Hildegard Herz was from a prominent Reno family, and a founding member of the influential Latimer Art Club. She was a prolific watercolorist who often went on sketching trips with fellow Reno artists. Herz’s numerous excursions abroad also served as an inspiration for her paintings, and for presentations to cultural groups in the community.

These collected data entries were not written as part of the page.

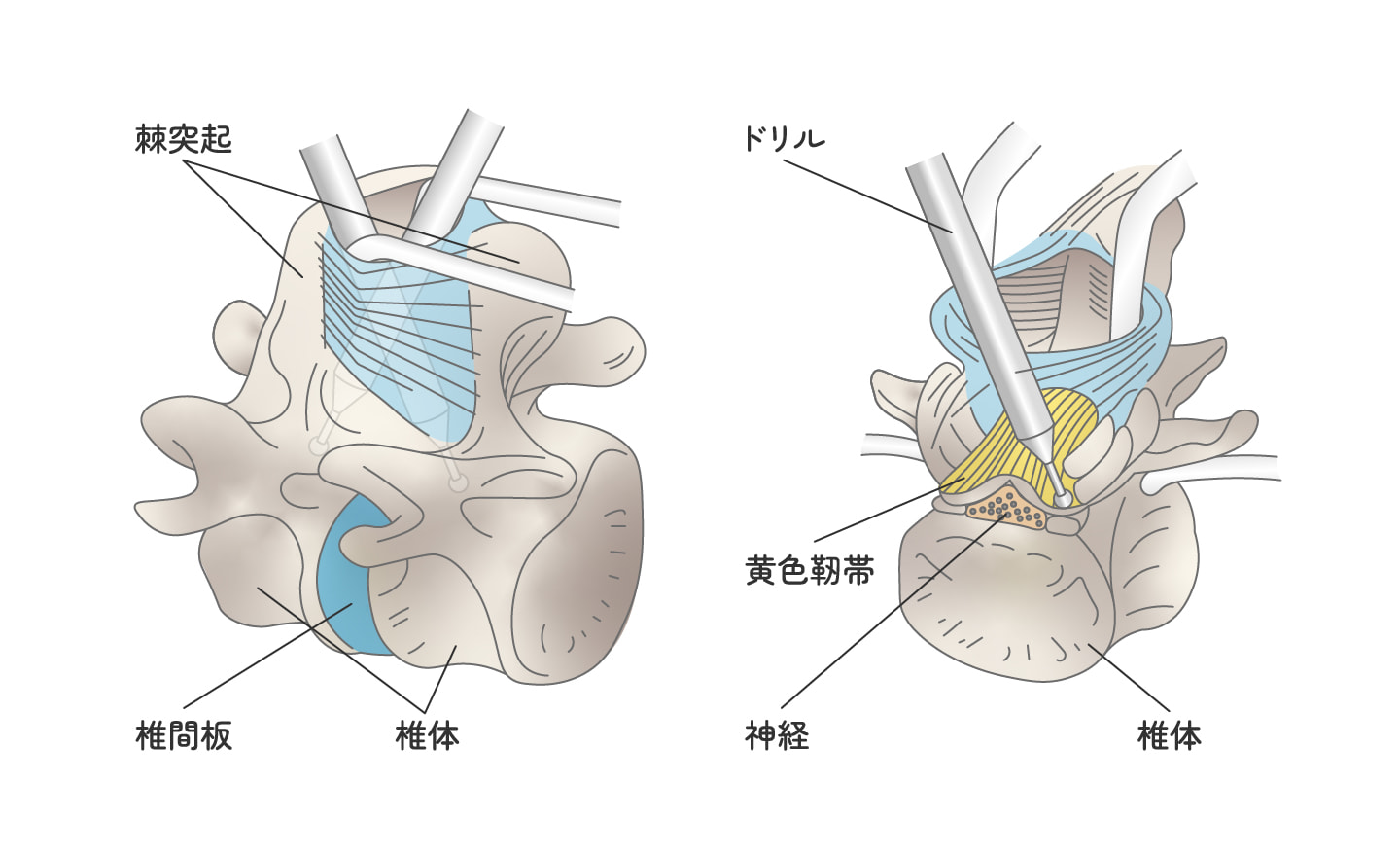 背骨の棘突起の間からアプローチし、神経を圧迫している靭帯や骨などを除去して、神経の通り道である脊柱管を拡大する手術です。
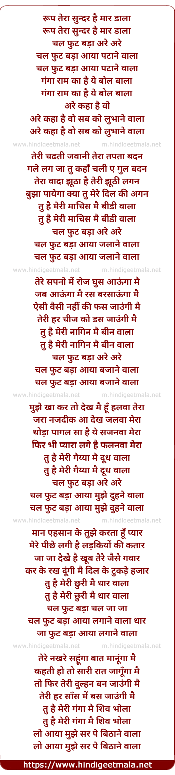 Lyrics of Roop Tera Sundar Hai Mar Dala - रूप तेरा सुन्दर है मार डाला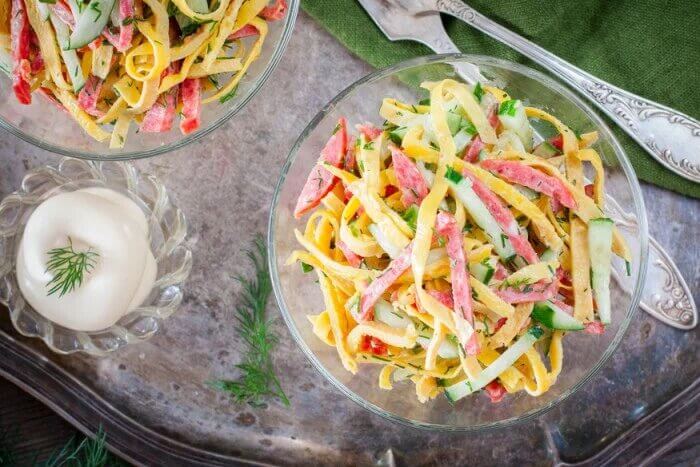Готовим салат из яичных блинов с салями и огурцами

The family of Hildegard Herz has been active in Reno business circles since 1885 when her father, Carl Herz, co-founded R. Herz & Bros. Jewelers. Born in 1894, she was raised in the Herz family home just north of the Lake Mansion which was located at the corner of South Virginia Street and California Avenue. The artist, known to friends and professionally as Hilda, attended Reno schools. She graduated from the University of Nevada in 1919. As an undergraduate, she studied painting and drawing with professor Kate Lewers, the sole instructor in the art department. Herz was a founding member of Phi Beta Phi, a sorority on the university campus.
While still a student, Herz became acquainted with San Francisco teacher and watercolorist Lorenzo P. Latimer (1857-1941), who arrived in Reno in 1916 following an interval of painting at Fallen Leaf Lake near Lake Tahoe. Latimer traveled to Reno each fall thereafter for nineteen years, offering instruction and developing a cadre of pupils who remained loyal to him and his approach to painting. In 1921, a group named after the artist was established, and Herz was one of the charter members of this Latimer Club, an organization that remains active to this day.
Herz also studied with Craig Sheppard (1913-1978) at the University of Nevada, took workshops offered by noted painter Elliot O’Hara (1896-1977), and enrolled in woodblock printing classes with noted printmaker William S. Rice (1973-1963), whose approach was derived from Japanese Ukiyo-e prints.
Unmarried and an avid traveler, Herz spent 1910-1914 traveling through Europe with an extended stay in Dresden, Germany. She returned to France and Germany in 1929. In 1956, Herz took a trip around the world. She could be seen on painting field trips around Reno well into her eighties, magnifying glass in hand, attempting to get things just right. Her style of watercolor painting could best be described as traditional with in-focus treatment of objects in the foreground and soft cool washes to describe distance vistas. Herz died in 1979.